Now, the left hand side will go to \frac{d\vec{p}_{S}}{dt} as \delta{t}\to0, whereas the first term on the right-hand-side will go to \frac{d\vec{p}_{M}}{dt}, and hence, by invoking Newton 2-law, \vec{F}

We'll focus on the second term on the right hand-side:
Simplify particles of type 2) as a "single" continously leaving particle, whose momentum may be written as:
\vec{p}_{-}(t+\delta{t})=\delta{m}_{-}\vec{v}^{(-)}
where \delta{m}_{-} is its mass, and \vec{v}^{(-)} is the velocity it has right AFTER it has left S.

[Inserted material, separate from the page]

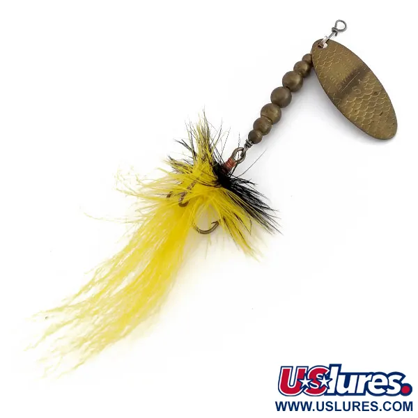 Eri kokoiset messinkihelmet muodostavat Renosky Lures Swiss Swing 5 -lipan painotetun rungon, jonka kokonaispaino on 1/4 unssia (7 g). Vasaroituun messinkilippaan on leimattu sen ranskalainen alkuperä, mikä on tyypillistä tämän aikakauden korkealaatuisille vintage-lipoille ja niiden tarkasti stanssatuille osille. Tuotekoodilla 9893 tunnistettu uistin on pituudeltaan 7 cm (2 3/4") ja kunnoltaan 5/5. Kolmihaarakoukkuun on sidottu kirkkaankeltaisia ja mustia höyheniä, jotka luovat voimakkaan kontrastin metallipintaan. Rakenteessa on messinkinen sanka ja lankavarmistettu silmukka turvallista kiinnitystä varten, säilyttäen ranskalaista tekoa olevan inline-lipan klassisen ilmeen.

Make the analogous rewriting for the particle of type 3):
\vec{p}_{+}(t)=\delta{m}_{+}\vec{v}^{(+)}
where \delta{m}_{+} is its mass, and \vec{v}^{(+)} is the velocity it has right BEFORE it has entered S.
Thus, by setting \frac{\delta{m}_{-}}{\delta{t}}=\dot{m}_{-},\frac{\delta{m}_{+}}{\delta{t}}=\dot{m}_{+}
we gain, in the limit when rearranging:
\frac{d\vec{p}_{S}}{dt}+\dot{m}_{-}\vec{v}^{(-)}-\dot{m}_{+}\vec{v}^{(+)}=\vec{F}(5)
This is the law we were after!
.

I am not interested in answering any other posts, unless they directly concern the maths and pre-suppositions in that post.